PLAC-seq data reanalysis
To compare MChIP-C data with a similar restriction-endonuclease based C-method, we reanalyzed publicly available H3K4me3 PLAC-seq experiments (Chen et al., 2022). Raw sequencing reads were downloaded from the 4D Nucleome Data portal (https://data.4dnucleome.org/experiment-set-replicates/4DNESWX1J3QU/#raw-files) and processed similarly to MChIP-C reads. We relied on MChIP-C-defined viewpoints to obtain merged PLAC-seq profiles and viewpoint-specific PLAC-seq profiles. We used restriction fragment-length bins to build viewpoint-specific PLAC-seq profiles and fixed 250 bp bins to build merged profiles.
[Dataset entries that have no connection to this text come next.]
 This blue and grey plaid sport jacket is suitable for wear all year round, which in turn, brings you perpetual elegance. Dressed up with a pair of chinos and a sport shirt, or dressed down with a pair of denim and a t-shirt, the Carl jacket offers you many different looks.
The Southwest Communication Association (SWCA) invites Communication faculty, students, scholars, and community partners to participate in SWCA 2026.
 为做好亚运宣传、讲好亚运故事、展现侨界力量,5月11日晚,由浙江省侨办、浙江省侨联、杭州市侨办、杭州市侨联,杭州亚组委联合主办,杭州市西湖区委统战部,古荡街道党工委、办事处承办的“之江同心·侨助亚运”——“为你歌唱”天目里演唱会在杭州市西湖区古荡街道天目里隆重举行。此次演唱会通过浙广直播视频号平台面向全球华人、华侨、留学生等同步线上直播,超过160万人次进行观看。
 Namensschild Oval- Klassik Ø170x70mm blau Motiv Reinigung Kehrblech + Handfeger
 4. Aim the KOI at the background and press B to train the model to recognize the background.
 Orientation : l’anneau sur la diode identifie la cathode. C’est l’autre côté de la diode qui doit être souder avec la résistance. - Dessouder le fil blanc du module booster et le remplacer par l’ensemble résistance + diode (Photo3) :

For downstream analysis, we utilized PLAC-seq interactions identified by the authors of original publication (GEO, GSE161873). We merged interactions identified in two individual experimental replicates in one set and lifted them to hg19 genome assembly with the UCSC LiftOver tool (https://genome.ucsc.edu/cgi-bin/hgLiftOver).
Micro-C data reanalysis
We also compared MChIP-C with a recently published K562 Micro-C data (Barshad et al., 2023). Raw Micro-C sequencing reads were downloaded from GEO (GSE206131) and analyzed with the pipeline we used for MChIP-C and PLAC-seq data processing. We once again relied on MChIP-C-defined viewpoints to extract merged promoter-anchored Micro-C profiles and viewpoint-specific Micro-C profiles. The data was binned in 100 bp or 250 bp bins to plot viewpoint-specific interaction profiles. In all other types of analysis we used fixed 250 bp bins.
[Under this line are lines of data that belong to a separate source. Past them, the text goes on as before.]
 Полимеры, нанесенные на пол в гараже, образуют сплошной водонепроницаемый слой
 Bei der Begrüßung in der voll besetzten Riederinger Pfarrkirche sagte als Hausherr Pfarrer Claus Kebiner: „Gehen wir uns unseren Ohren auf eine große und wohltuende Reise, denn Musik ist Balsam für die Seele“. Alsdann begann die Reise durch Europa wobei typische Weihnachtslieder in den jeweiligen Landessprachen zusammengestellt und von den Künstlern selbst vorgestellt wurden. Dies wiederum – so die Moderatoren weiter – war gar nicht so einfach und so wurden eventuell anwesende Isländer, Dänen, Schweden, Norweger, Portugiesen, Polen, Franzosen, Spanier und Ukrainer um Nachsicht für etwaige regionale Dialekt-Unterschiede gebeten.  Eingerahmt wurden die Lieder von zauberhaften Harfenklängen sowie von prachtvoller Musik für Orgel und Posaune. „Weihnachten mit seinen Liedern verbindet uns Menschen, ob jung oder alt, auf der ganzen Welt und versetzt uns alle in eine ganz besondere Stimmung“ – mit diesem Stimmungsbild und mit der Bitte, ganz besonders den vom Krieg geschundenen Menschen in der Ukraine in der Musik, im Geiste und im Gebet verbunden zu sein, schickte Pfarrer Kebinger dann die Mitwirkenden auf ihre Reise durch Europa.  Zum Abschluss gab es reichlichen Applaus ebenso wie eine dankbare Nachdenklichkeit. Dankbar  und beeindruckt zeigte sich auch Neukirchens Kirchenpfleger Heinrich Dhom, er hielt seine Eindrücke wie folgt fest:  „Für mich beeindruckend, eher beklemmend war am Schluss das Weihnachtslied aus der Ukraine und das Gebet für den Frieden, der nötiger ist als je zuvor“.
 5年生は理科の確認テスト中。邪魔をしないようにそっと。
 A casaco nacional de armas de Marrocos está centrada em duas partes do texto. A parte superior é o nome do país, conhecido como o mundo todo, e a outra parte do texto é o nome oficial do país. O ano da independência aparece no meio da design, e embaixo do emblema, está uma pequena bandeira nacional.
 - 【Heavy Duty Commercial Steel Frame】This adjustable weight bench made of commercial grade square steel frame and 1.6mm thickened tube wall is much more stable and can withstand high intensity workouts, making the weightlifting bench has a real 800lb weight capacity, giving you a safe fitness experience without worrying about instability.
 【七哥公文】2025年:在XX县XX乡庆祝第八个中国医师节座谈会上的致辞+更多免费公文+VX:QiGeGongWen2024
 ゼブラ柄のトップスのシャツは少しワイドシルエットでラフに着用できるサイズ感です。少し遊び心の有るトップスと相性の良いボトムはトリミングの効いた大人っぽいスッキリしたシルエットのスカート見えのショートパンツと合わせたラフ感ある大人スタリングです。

We also created all-to-all Micro-C proximity ligation matrices using conventional distiller pipeline (v. 0.3.4) (https://github.com/open2c/distiller-nf). To generate iteratively balanced promoter-anchored Micro-C profiles, we dumped 250 bp binned cooler matrix to a text stream (‘cooler dump’ command) and then selected balanced signal from the bins residing within MChIP-C viewpoints. We then aggregated this signal into a merged genome-wide bedgraph file and converted it to a bigwig profile using bedgraphToBigwig UCSC utility.
To identify point interactions in the Micro-C dataset, we used Mustache (v 1.0.1) algorithm (Roayaei Ardakany et al., 2020). We called interactions in balanced contact matrices at resolutions of 250 bp, 500 bp, 1 kb, 2 kb, 5 kb and 10 kb using -pt 0.1 and -st 0.88 options. We combined interactions called at all resolutions in one set; if an interaction was detected at multiple resolutions, we retained a variant with coarser boundaries and discarded finer ones.
Hi-C data reanalysis
Raw Hi-C sequencing reads were downloaded from GEO (GSE63525) and all-to-all Hi-C proximity ligation matrices were generated with distiller pipeline. To obtain raw and iteratively balanced promoter-anchored Hi-C profiles, we dumped 1 kb binned cooler matrix to a text stream (‘cooler dump’ command) and then selected raw and balanced signal from the bins residing within MChIP-C viewpoints. We then aggregated these signals into two separate merged genome-wide bedgraph files (one containing raw signal and another containing balanced signal) and converted them to bigwig profiles with bedgraphToBigwig UCSC utility.
To identify point interactions in the Hi-C dataset, we used Mustache algorithm. We called interactions in balanced contact matrices at resolutions of 1 kb, 2 kb, 5 kb, 10 kb and 20 kb using -pt 0.1 and -st 0.88 options. We combined interactions called at all resolutions in one set; if an interaction was detected at multiple resolutions, we retained a variant with coarser boundaries and discarded finer ones.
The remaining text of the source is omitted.